Introduction: What is a Word Cloud?
Word Clouds have become quite a popular way for marketing campaigns. As more and more information is shown to the viewer, these Word Cloud present a modern graphic way to represent an idea or focus around which the whole concept is born.
Let us start with simple Word Cloud examples with the topic web 2.0. We can see the main topic in the center (web 2.0) and multiple related topics around that. Here, size and words after the main topic define the importance or relation to the overall topic.
A Word Cloud for terms related to Web 2.0 Source
A larger font size depicts the higher weight of the particular subject in a given Word Cloud topic. So the topic of Usability, Design, Convergence, Standardization, Economy, and Participation has more influence than Web Standards, Mobility, Data-Driven, CSS, Simplicity, and Microformats.
On a general note, these are also known as a tag cloud, or wordle, or a weighted list. Many online platforms use the tag cloud to represent specific items or tags that are found on that website. Suppose a website has hundreds of posts or content on a website. A tag cloud can separate the use of words on these posts to define the number of views on a specific analysis.
Word Clouds have three main types as frequency, Significance, and Categorization based on meaning rather than their visual appearances. In this post, we will learn step by step process for how to make a Word Cloud in R language.
- Who is using Word Clouds?
- Reason to use Word Clouds to present your text data
- Main steps to create Word Cloud in R
- Word Cloud examples
- When you should use Word Clouds
1. Who is using Word Clouds?
With data analysis gaining focus in almost every industry, these Word Clouds are gaining a lot of importance in getting facts and discovering patterns. Word Clouds are now used across multiple domains as in topics of:
- Research to conclude qualitative information from large amount and multiple forms of data
- Social Media Sites to collect and analyze data in discovering potential current trends, separate miscreant or offenders, and upcoming changes in user behaviors.

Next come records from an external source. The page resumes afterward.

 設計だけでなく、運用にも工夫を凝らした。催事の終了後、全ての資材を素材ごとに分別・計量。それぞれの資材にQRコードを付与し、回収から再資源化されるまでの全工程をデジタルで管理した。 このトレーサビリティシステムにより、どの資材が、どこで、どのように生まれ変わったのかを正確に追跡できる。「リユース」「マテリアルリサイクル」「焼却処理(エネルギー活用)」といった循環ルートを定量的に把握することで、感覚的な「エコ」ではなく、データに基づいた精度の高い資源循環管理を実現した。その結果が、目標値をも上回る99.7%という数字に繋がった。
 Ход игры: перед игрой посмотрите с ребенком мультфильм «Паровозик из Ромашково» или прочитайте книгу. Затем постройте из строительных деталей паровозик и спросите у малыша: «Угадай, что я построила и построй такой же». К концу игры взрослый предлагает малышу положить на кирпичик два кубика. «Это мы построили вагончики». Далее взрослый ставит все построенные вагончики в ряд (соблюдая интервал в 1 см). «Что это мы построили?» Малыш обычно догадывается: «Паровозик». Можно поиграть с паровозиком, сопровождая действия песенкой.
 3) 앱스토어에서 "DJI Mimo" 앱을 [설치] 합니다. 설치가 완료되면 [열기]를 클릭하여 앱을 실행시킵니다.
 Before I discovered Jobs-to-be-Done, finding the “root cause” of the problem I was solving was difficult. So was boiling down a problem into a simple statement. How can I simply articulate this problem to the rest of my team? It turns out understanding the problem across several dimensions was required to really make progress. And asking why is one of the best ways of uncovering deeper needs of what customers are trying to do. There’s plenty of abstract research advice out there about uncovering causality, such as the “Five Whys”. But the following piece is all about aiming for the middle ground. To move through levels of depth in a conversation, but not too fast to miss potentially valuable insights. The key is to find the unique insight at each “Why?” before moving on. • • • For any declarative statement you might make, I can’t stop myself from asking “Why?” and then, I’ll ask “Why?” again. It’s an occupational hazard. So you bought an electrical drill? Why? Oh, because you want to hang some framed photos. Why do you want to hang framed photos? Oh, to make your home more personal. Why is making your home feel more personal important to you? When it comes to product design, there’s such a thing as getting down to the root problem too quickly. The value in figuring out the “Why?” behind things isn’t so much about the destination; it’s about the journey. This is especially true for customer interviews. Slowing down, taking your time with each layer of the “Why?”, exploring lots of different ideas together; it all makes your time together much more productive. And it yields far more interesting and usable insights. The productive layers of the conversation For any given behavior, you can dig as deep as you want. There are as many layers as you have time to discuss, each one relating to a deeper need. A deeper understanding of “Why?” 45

- Marketing to uncover present trends, user behavior, and trending products.
- Education to bring more focus on the essential issues that need more attention.
- Politicians and Journalists to get more attention from users.
2. Reason to use Word Clouds to present your text data
Here are the main reasons to use Word Clouds in presenting text data.
- Keeps the Focus: Word Cloud represents a sophisticated communication tool for modern viewers to focus on the main factors or reasons rather than going through the whole document.
- Simple and precise information: A Word Cloud will bring the exact information to the viewers instantly.
- Highly engaging: Word Clouds are more visually engaging in the viewer’s eye.
- Enhance user experience: Overall Word Cloud is a great way to improvise user experience.
3. Main steps to create Word Cloud in R
Here is your guide for creating the first Word Cloud in R.
Step 1: Starting by creating a text file
The first step is choosing the topic or selecting the data and creating a text file for easy processing. You can take any speech from a Politician leader or thousands of social media posts. You can use any editor from your system or online to copy-paste the data and create a specific text file for building a Word Cloud.
Step 2: Install and loading the WordCloud package in R
Then open the RStudio. And for generating Word Cloud in R, you must have the WordCloud package in R and RcolorBrewer package for representing colors, respectively. Here are the commands to use these packages in the RStudio:
#Installalation and loading of packages
install.packages(“wordcloud”)
library(wordcloud)
install.packages(“RColorBrewer”)
library(RColorBrewer)
Users also have the option to use the WordCloud2 package that offers extra designs and funny applications for developing a more engaging Word Cloud in R. Here is the command for that:
install.packages(“wordcloud2)
library(wordcloud2)
Now data or texts take center stage for the whole analysis. Now you need to load your text data as a corpus. Here tm package can help you in this process.
library(tm)
#Command for creating a vector containing only the text
text <- data$text
#Command to Create a corpus
docs <- Corpus(VectorSource(text))
And in case you are using Twitter data, then there is a separate rtweet package that can ease your process too.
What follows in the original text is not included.